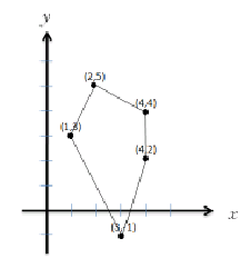 輸入檔中所包含之測詴資料的第一行是在測詴資料裡所列出落在該凸多邊形邊上之點(包含頂點)的個數(N ≤100),接下來則是這N個點的座標資料。每一行有兩個整數表示一個點的 x、y 座標 (x、y的絕對值均小於一百萬),且以一個以上(含一個)的空格分開。在輸入檔中的點座標資料並不一定照順時鐘方向列出。
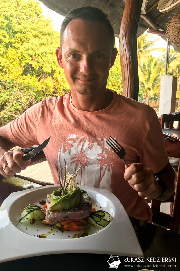 Wieczorem znów będzie o jedzeniu. Zwiedzanie Meksyku to nie tylko plaże, ruiny, cenoty, czy ludzie. To także przepyszne jedzenie, którego trzeba wszędzie próbować. Aga doskonale wybrała knajpę. Miejsce trochę oddalone od centrum, koło boiska piłkarskiego. Dosyć niepozorne, ale dają dobrze zjeść. Oboje mieliśmy ochotę na steka z tuńczyka, a Nadia standardowo na kalmary. Wszystko przepyszne, a tuńczyk medium rare był w punkt! Ależ to było dobre. Warto zapamiętać to miejsce, na wypadek jakbyście byli na wyspie.
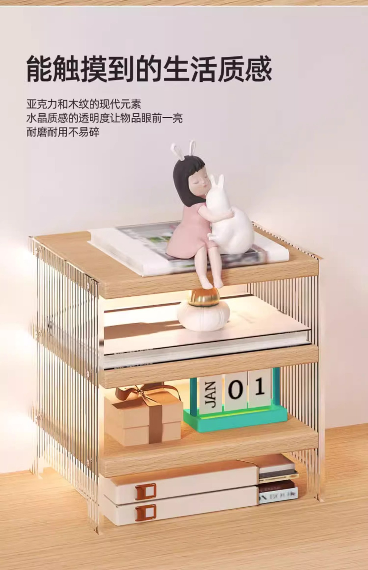 • [아크릴 서스펜션 모델] 3단 수납선반 - 우드 컬러
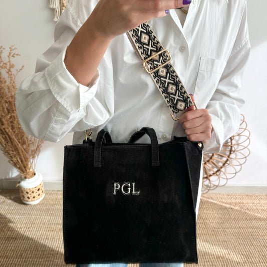 Bolso combinado loneta y piel negro iniciales bordadas con correa étnicaPrecio habitual €77,00Precio habitualPrecio unitario por-
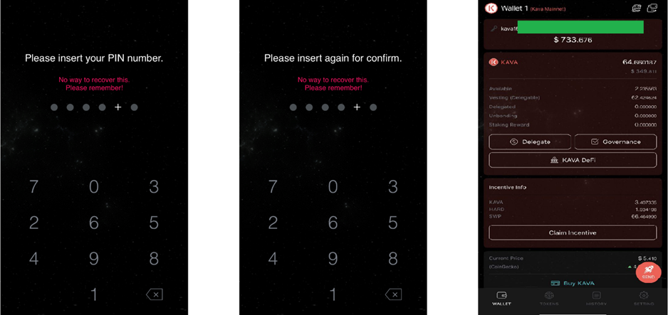 Next, Insert your PIN -> Confirm your PIN -> Your personal KAVA wallet
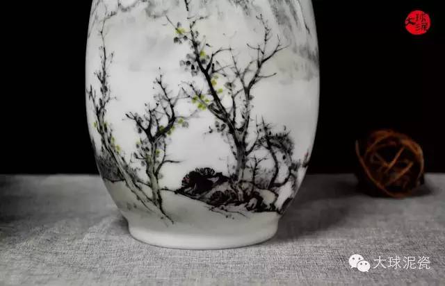 《江南春早》瓶,構(gòu)圖開闊,氣勢(shì)磅礴,韻律和諧,經(jīng)過(guò)高溫?zé)贫傻拇笄蚰啻筛菨嵃谉o(wú)瑕,晶瑩剔透,呈現(xiàn)出飽和富麗的色彩。
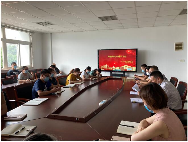 为落实立德树人根本任务,加强学院师德师风建设,弘扬新时代教师道德风尚,提升广大教师自我修养、潜心教书育人的责任意识。2020年7月3日下午,汽车工程学院召开中心组学习扩大会,组织师德师风专题学习,学院全体教师参加。会议由学院党总支书记周晓伟主持。
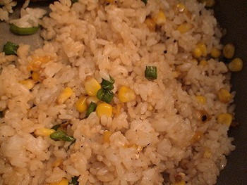 5.4を炊き上がったご飯に混ぜる(写真右)。トウモロコシは、トッピング用に少々残す。
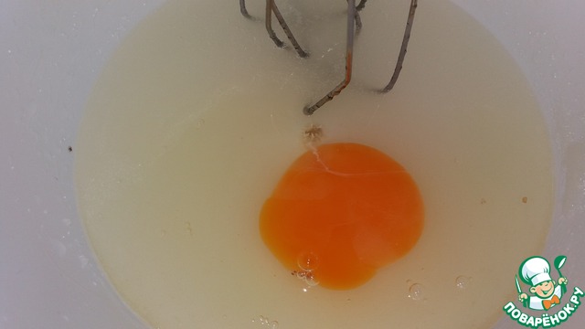 • Взбиваем масло с сахаром, добавляем воду, а затем яйцо.
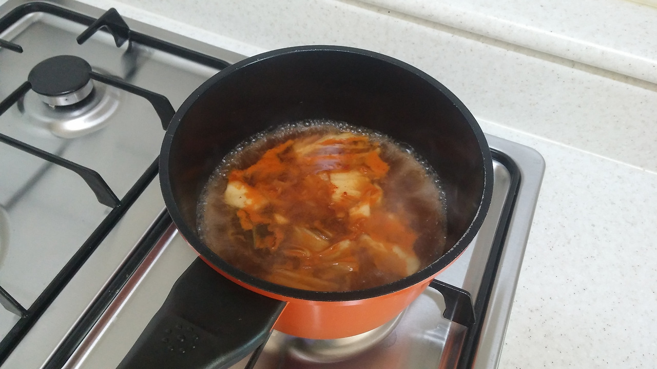 김치와 국간장 1숟갈, 멸치액젓 1숟갈을 넣고 끓입니다.
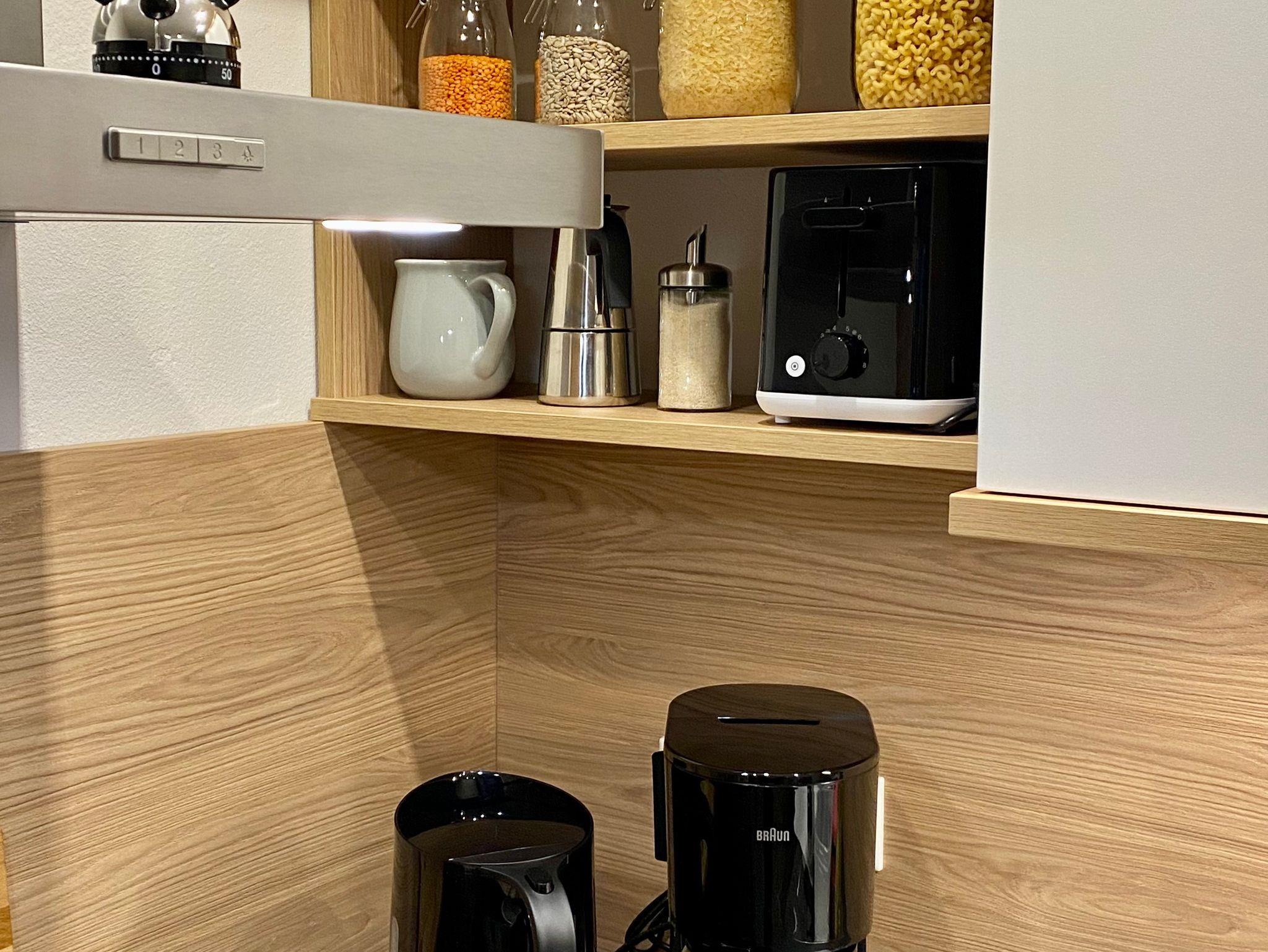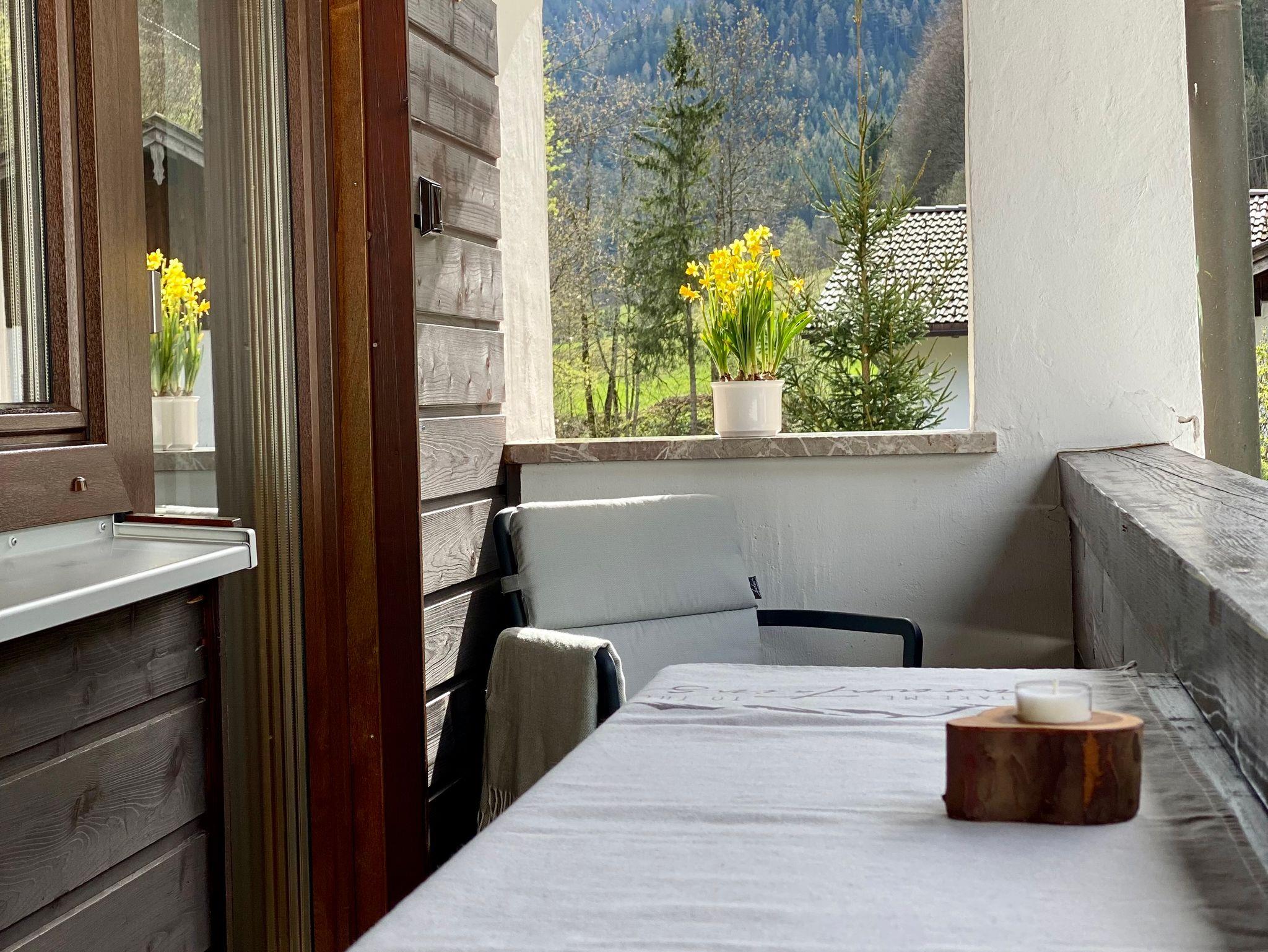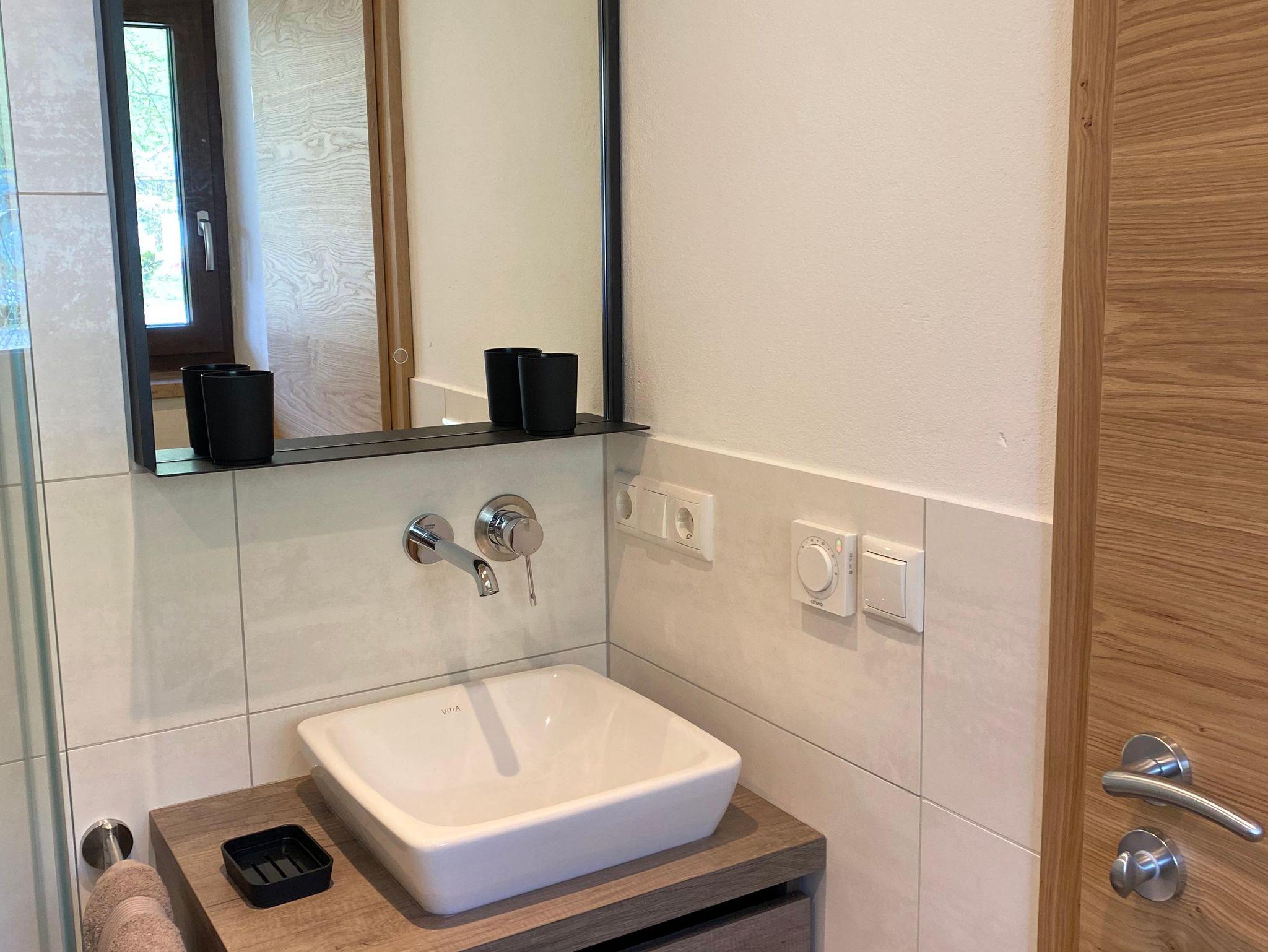 Neuwertige Ferienwohnung (39 qm) zum Wohlfühlen und mit ausreichend Platz für 2 Personen im ersten Obergeschoss: Moderne Ausstattung im Alpenchic, jeder Raum mit Fenster und Fußbodenheizung, überdachter Balkon zur Südseite, kostenloser Stellplatz dirket am Haus. Wohnküche mit Couch, TV, Essbereich und gut ausgestatteter Einbauküche + Dunstabzug. Schlafzimmer mit Doppelbett, Schrank, Gardarobe und Kofferablage. Bad mit Rainshower-Dusche, WC und Waschbecken + beheizbaren Spiegel. Nichtraucher-Wohnung
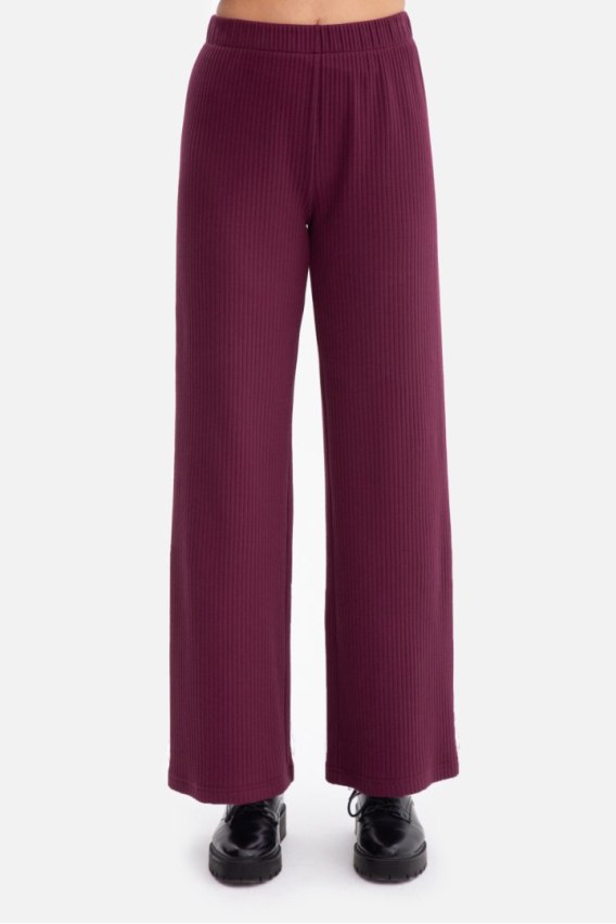 Spodnie damskie uszyte z prążkowanej dzianiny o gramaturze 250 g, która jest miękka, elastyczna i przyjemna w noszeniu. Model bez kieszeni i podszewki, z praktyczną gumką w pasie, zapewniającą komfort i dopasowanie do sylwetki. Fason swobodny, dzianinowy spodnie są dopasowane w talii i biodrach, a dalej układają się luźno, gwarantując wygodę i lekkość. Długie, proste nogawki lekko rozszerzane ku dołowi wysmuklają sylwetkę i dodają całości elegancji. Średni stan sprawia, że spodnie dobrze leżą i podkreślają talię, a pełna długość do ziemi nadaje im nowoczesny, wydłużający nogi efekt. Zaprojektowane i uszyte w Polsce z dzianiny wyprodukowanej w Łodzi, to połączenie wygody, jakości i ponadczasowego stylu.

- - - - -

**Problem requirements:** What you return must match, character for character, the lines above from the one with "Wieczorem znów będzie" through the one with "Neuwertige Ferienwohnung (39", minus any pictures.

**Response box:**
 Wieczorem znów będzie o jedzeniu. Zwiedzanie Meksyku to nie tylko plaże, ruiny, cenoty, czy ludzie. To także przepyszne jedzenie, którego trzeba wszędzie próbować. Aga doskonale wybrała knajpę. Miejsce trochę oddalone od centrum, koło boiska piłkarskiego. Dosyć niepozorne, ale dają dobrze zjeść. Oboje mieliśmy ochotę na steka z tuńczyka, a Nadia standardowo na kalmary. Wszystko przepyszne, a tuńczyk medium rare był w punkt! Ależ to było dobre. Warto zapamiętać to miejsce, na wypadek jakbyście byli na wyspie.
 • [아크릴 서스펜션 모델] 3단 수납선반 - 우드 컬러
 Bolso combinado loneta y piel negro iniciales bordadas con correa étnicaPrecio habitual €77,00Precio habitualPrecio unitario por-
 Next, Insert your PIN -> Confirm your PIN -> Your personal KAVA wallet
 《江南春早》瓶,構(gòu)圖開闊,氣勢(shì)磅礴,韻律和諧,經(jīng)過(guò)高溫?zé)贫傻拇笄蚰啻筛菨嵃谉o(wú)瑕,晶瑩剔透,呈現(xiàn)出飽和富麗的色彩。
 为落实立德树人根本任务,加强学院师德师风建设,弘扬新时代教师道德风尚,提升广大教师自我修养、潜心教书育人的责任意识。2020年7月3日下午,汽车工程学院召开中心组学习扩大会,组织师德师风专题学习,学院全体教师参加。会议由学院党总支书记周晓伟主持。
 5.4を炊き上がったご飯に混ぜる(写真右)。トウモロコシは、トッピング用に少々残す。
 • Взбиваем масло с сахаром, добавляем воду, а затем яйцо.
 김치와 국간장 1숟갈, 멸치액젓 1숟갈을 넣고 끓입니다.
 Neuwertige Ferienwohnung (39 qm) zum Wohlfühlen und mit ausreichend Platz für 2 Personen im ersten Obergeschoss: Moderne Ausstattung im Alpenchic, jeder Raum mit Fenster und Fußbodenheizung, überdachter Balkon zur Südseite, kostenloser Stellplatz dirket am Haus. Wohnküche mit Couch, TV, Essbereich und gut ausgestatteter Einbauküche + Dunstabzug. Schlafzimmer mit Doppelbett, Schrank, Gardarobe und Kofferablage. Bad mit Rainshower-Dusche, WC und Waschbecken + beheizbaren Spiegel. Nichtraucher-Wohnung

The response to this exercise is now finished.